**Task material**.
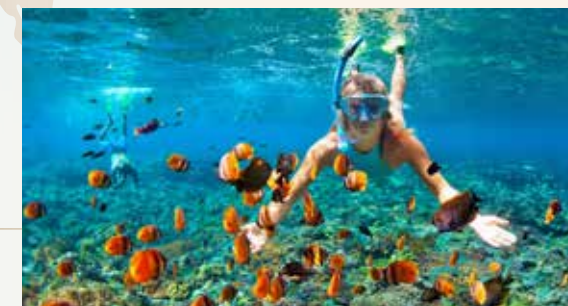
Get close to sea life
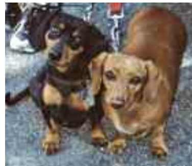
A fantastic home has been found for these two Dachshund littermates!
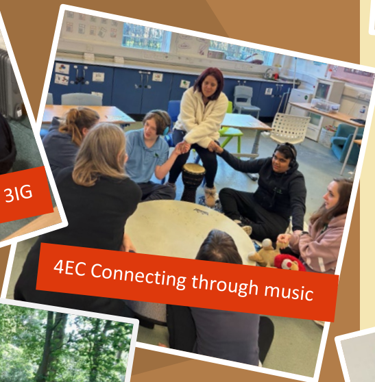
4EC Connecting through music
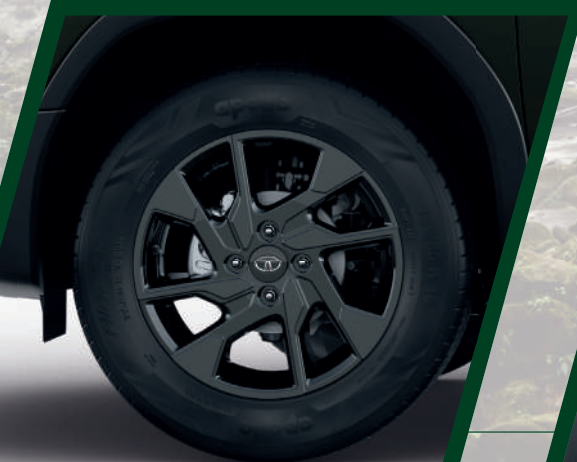
R16 Charcoal Alloys that spin towards infinity
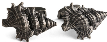
Tateossian Murex Cufflinks £159
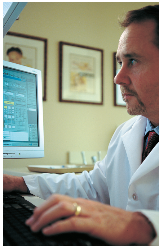
ADA Standards help provide interoperability in and efficiency in hardware and software for dentistry.

To purchase dental standards, please visit the ADA Store at adacatalog.org .
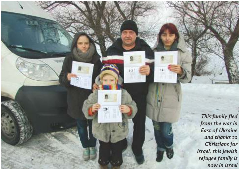
This family fled from the war in East of Ukraine and thanks to Christians for Israel, this Jewish refugee family is now in Israel

The third trip was due to another Consular day in the South-east city of Melitopol. Here two Consular Representatives also addressed the potential two hundred olim, who were brought with minibuses from Mariupol, Berdyansk, Tomak, Zaporozhe. In February 2015, the bus of the last Jewish families from Volnavakha, was hit by a mortar-shell. In this incident many people were killed and gravely injured.
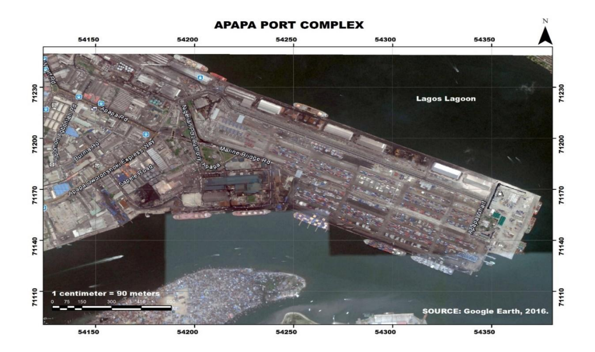
Figure 1. Apapa Port Complex

The study was carried out in the Lagos Port Complex which is located at the Apapa Area of Lagos and consisted of Apapa Port and a container terminal now called APM Terminal. It occupies a land area of about 120 hectares. Apapa port has conventional berths that service all cargo types. These include 24 berths for handling dry cargo and two berths for loading and discharging petroleum products. Six of the 24 berths are designated as container berths. The total quay length of the port is 1km and the average draught of the berths is 11.5m. It has 13 transit sheds with a total storage space of 78,869 square metres and 8 warehouses with a total space of 58,042 square metres. It also has support facilities for cargo on transit to ECOWAS countries. Apapa Port Complex was released on concession to four terminal operators namely, ABTL, ENL, GDNL and APMT. The Plate of Apapa Port Complex is presented in Figure 1.
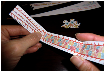
4. Open back up. Make 2nd fold by folding one end toward 1st fold.
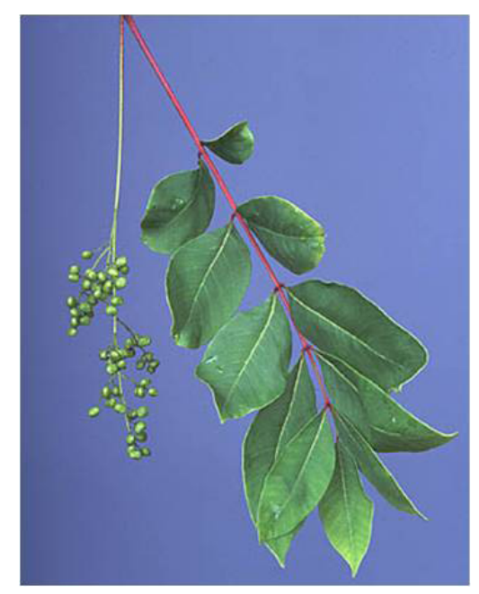
Figure 10. Poison sumac leaflets, reddish stems, and immature green fruit

Poison sumac leaves consist of 7–13 leaflets arranged in pairs with a single leaflet at the end of the midrib. Distinctive features include reddish stems and petioles (Figure 10). Leaflets are elongated, oval, and have smooth margins. They are 2–4 inches long, 1–2 inches wide, and have a smooth, velvety texture. In early spring, the leaves emerge bright
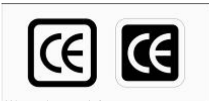
Wrong shape and size

Please note that the national European market surveillance authorities check for correct appliance of the CE-marking and can withdraw non-compliant products
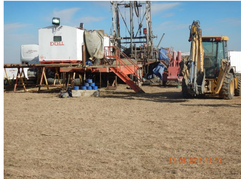
Photo 10: Photo taken from the west end of the location, facing east. Photo shows that with exception to the pit, no topsoil salvage has been conducted on the location. Photo shows drill rig has been set up and in operation.
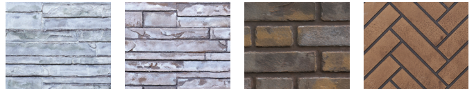
Decorative Brick Panels Antique White LEDGEROCK, Custom Blend LEDGEROCK, Newport™ or Herringbone
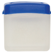
mini pet pot 7g
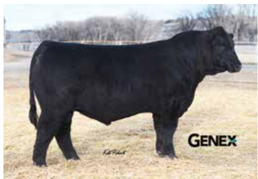
LBRS GENESIS G69 - SIRE OF LOT 200B EMBRYOS

Offering 1 package of 3 unsexed IVF embryos. Guaranteeing 1 pregnancy if transferred by a certified technician.
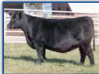
ERICA OF ELLSTON A32 $15,000 ENTICE DAUGHTER
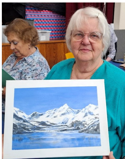
Snow-capped Mountains by Rosmarie Libiseller
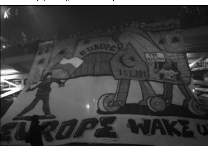
The banner displayed during the March of Independence in November 2017 in Warsaw

right. The second group is the hero's community which stands between the corruption on one end and savagery on the other. These are the 'real Poles'. The third group is the uncivilized enemy of the civilized folk. This group belongs to the foreign world that will not accept 'our' values. According to the banners carried at the March of Independence, the corrupt EU elites would make a pact with the immigrants, a deal which would hurt the Poles (the heroes of the mythical narrative). Greek myth was used as the building material for writing the proto-national epics The Iliad and The Odyssey. In the Polish discourse displayed on Independence Day is a straightforward reference to the wooden horse from The Iliad - one of the banners read: 'Muslim refugees - the Trojan horse of terrorism for Europe'. On the website "Polonia Christiana24pl" which defines itself as the 'right side of the Internet', we can read an article by Tomasz Korczyński, "The Trojan horse and the blind of Europe". Korczyński diagnoses the conquest of Europe directed by ISIS, blaming the Germans as the contemporary Trojans worshiping the idol of political correctness. 46 In 2017, this allusion was also made by Prime Minister of Hungary Viktor Orban, saying that migrants, many of whom are Muslims, are a threat to Europe's Christian identity and culture: The people that come to us don't want to live according to our culture and customs but according to their own – at European standards of living.<sup>47</sup>
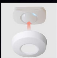
Ceiling mount cover
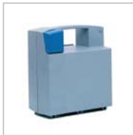
Spare battery pack – increases the range
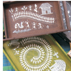
Promotion of Warli art

We work on the model of positive health, which is not mere absence of disease but a vibrant sense of well-being. This has led to a realization that a hungry person cannot be helped by medicines alone, however powerful. He needs work and his denuded land needs the healing touch of Organic Farming. The Trust has Organic Farming initiative, Sustainable livelihood programmes and Self Help Groups to improve the economic health of people. The Trust works with schools to enhance the education level in Bhopoli and Palghar.
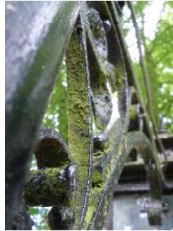
Looking up the lamp-post by the church
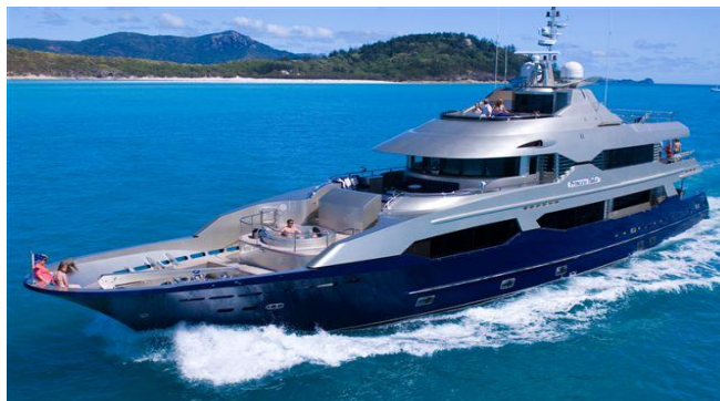
Princess Iluka in 2010

For bookings and further information: www.princessiluka.com.au
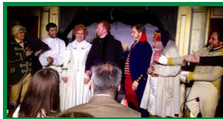
Members of the cast take a bow
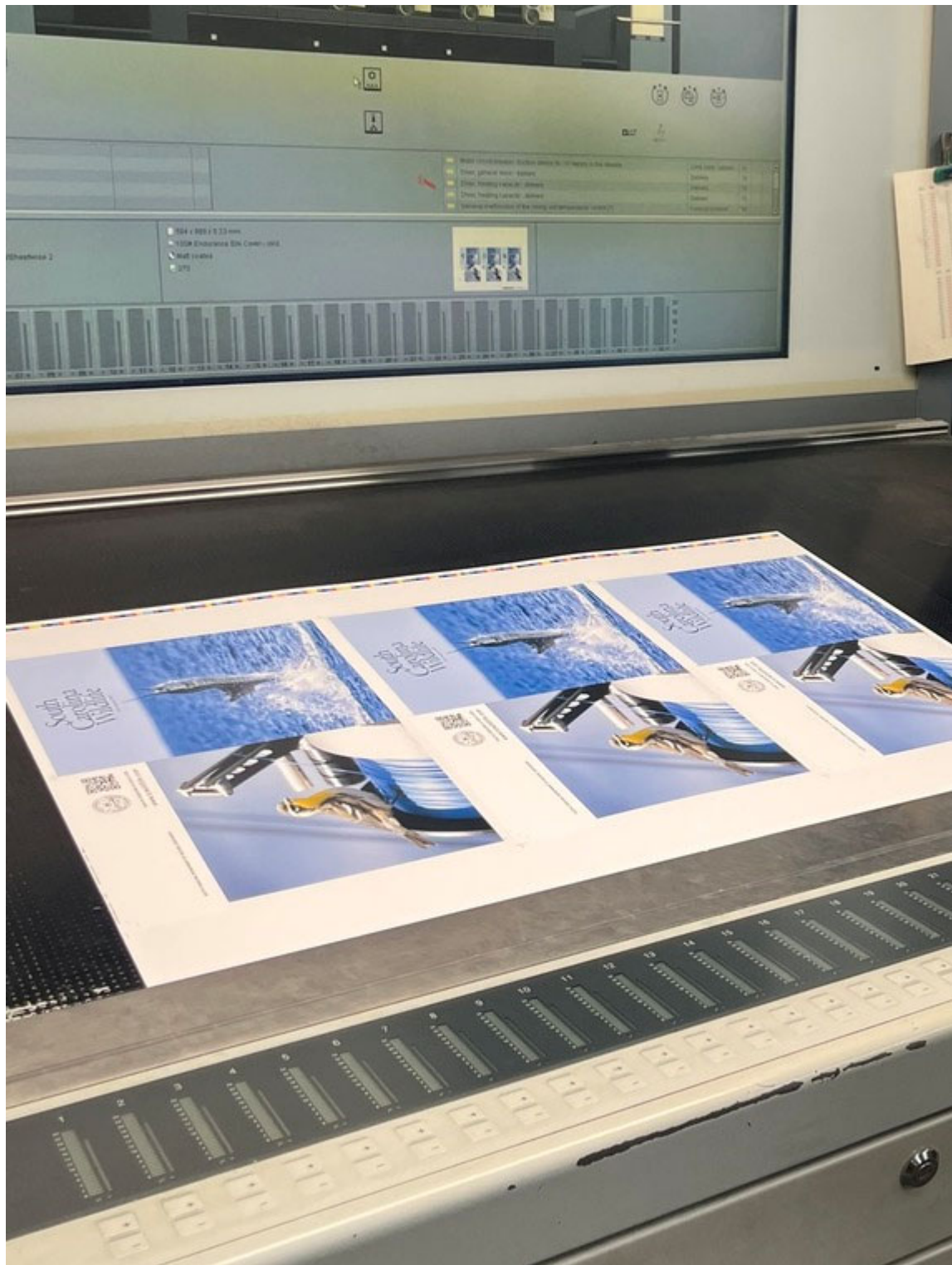
Printing the cover!
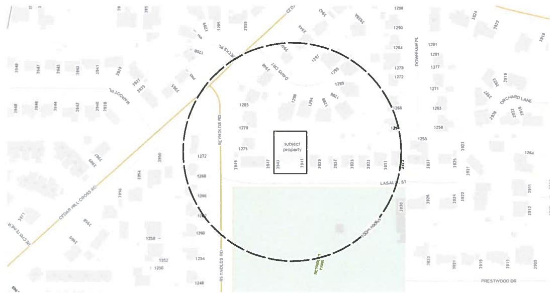
2 Location Map A1 Scale: 1:1600

Proposed Lot 2 Lot Area = 6329 ft2 / 588 m2 Lot Coverage = 1660 ft2 / 154.2 m2 / 26.2% Main Floor Area (Garage Ex) = 1073 ft2 / 99.68 m2 Upper Floor Area = 1208 ft2 / 112.23 m2 Basement Floor Area = 877 ft2 / 81.48 m2 Total Floor Area = 3158 ft2 / 293.39 m2 / FAR 0.499/1 Non Basement Floor Area = 2281 ft2 / 211.91 m2 72.1% of Allowable Area Building Height - From Avg. = 7.02m From Low Avg. = 7.03m See Plan for Setback Information

**Exercise directions**.
Word for word, restate the lines above from the one with "R16 Charcoal Alloys" through the one with "Figure 1. Apapa Port Complex", keeping both ends and dropping the pictures.

**Written solution**.
R16 Charcoal Alloys that spin towards infinity
Tateossian Murex Cufflinks £159
ADA Standards help provide interoperability in and efficiency in hardware and software for dentistry.

To purchase dental standards, please visit the ADA Store at adacatalog.org .
This family fled from the war in East of Ukraine and thanks to Christians for Israel, this Jewish refugee family is now in Israel

The third trip was due to another Consular day in the South-east city of Melitopol. Here two Consular Representatives also addressed the potential two hundred olim, who were brought with minibuses from Mariupol, Berdyansk, Tomak, Zaporozhe. In February 2015, the bus of the last Jewish families from Volnavakha, was hit by a mortar-shell. In this incident many people were killed and gravely injured.
Figure 1. Apapa Port Complex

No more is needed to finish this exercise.